> [DATA FOR ANALYSIS]
--------------------

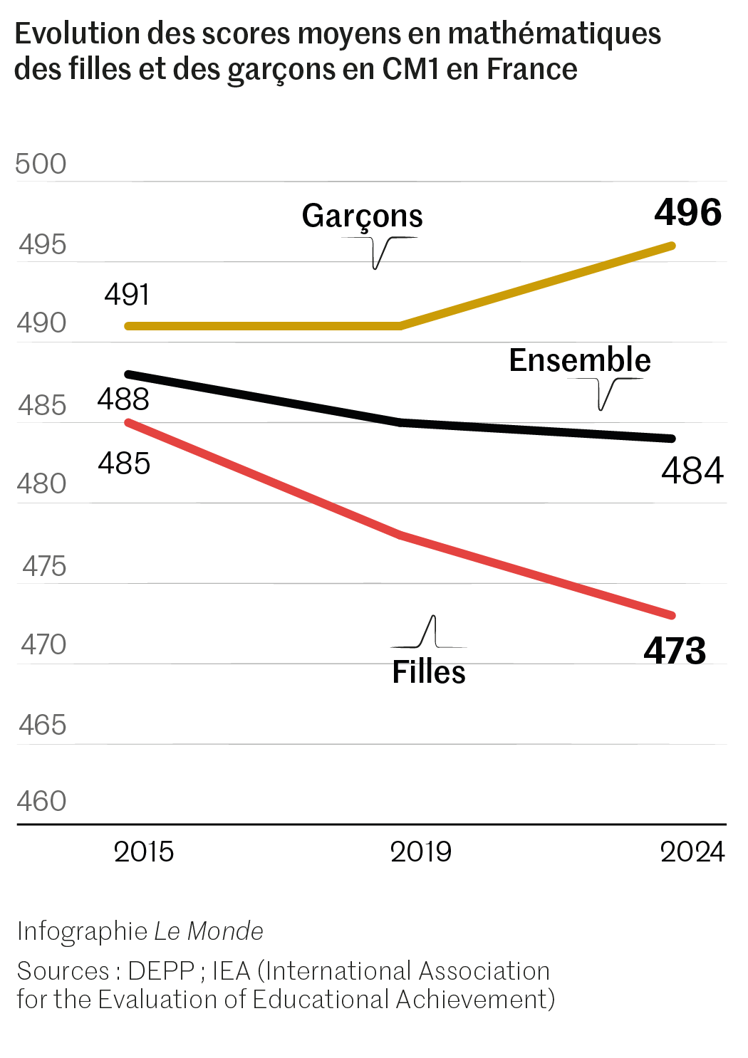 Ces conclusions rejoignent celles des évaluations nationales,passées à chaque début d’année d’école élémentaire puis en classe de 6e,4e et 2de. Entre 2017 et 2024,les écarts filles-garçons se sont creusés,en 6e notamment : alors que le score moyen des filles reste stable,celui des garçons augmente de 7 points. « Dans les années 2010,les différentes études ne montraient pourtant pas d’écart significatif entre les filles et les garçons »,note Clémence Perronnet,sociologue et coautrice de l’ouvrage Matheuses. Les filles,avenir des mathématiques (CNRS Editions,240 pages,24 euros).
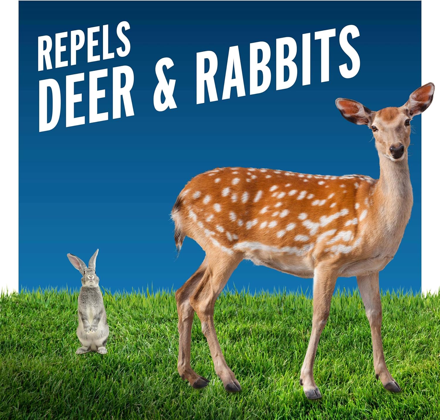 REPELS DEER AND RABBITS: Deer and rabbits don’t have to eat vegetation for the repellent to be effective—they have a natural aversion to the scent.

--------------------

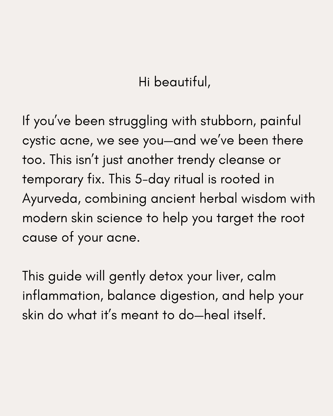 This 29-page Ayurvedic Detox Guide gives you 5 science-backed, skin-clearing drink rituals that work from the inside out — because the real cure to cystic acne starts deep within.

--------------------

> [TASK GOAL] Exactly the lines above from the one that contains "Ces conclusions rejoignent" down to the one that contains "REPELS DEER AND" are to be output, both ends kept and pictures omitted.

> [OUTPUT]
 Ces conclusions rejoignent celles des évaluations nationales,passées à chaque début d’année d’école élémentaire puis en classe de 6e,4e et 2de. Entre 2017 et 2024,les écarts filles-garçons se sont creusés,en 6e notamment : alors que le score moyen des filles reste stable,celui des garçons augmente de 7 points. « Dans les années 2010,les différentes études ne montraient pourtant pas d’écart significatif entre les filles et les garçons »,note Clémence Perronnet,sociologue et coautrice de l’ouvrage Matheuses. Les filles,avenir des mathématiques (CNRS Editions,240 pages,24 euros).
 REPELS DEER AND RABBITS: Deer and rabbits don’t have to eat vegetation for the repellent to be effective—they have a natural aversion to the scent.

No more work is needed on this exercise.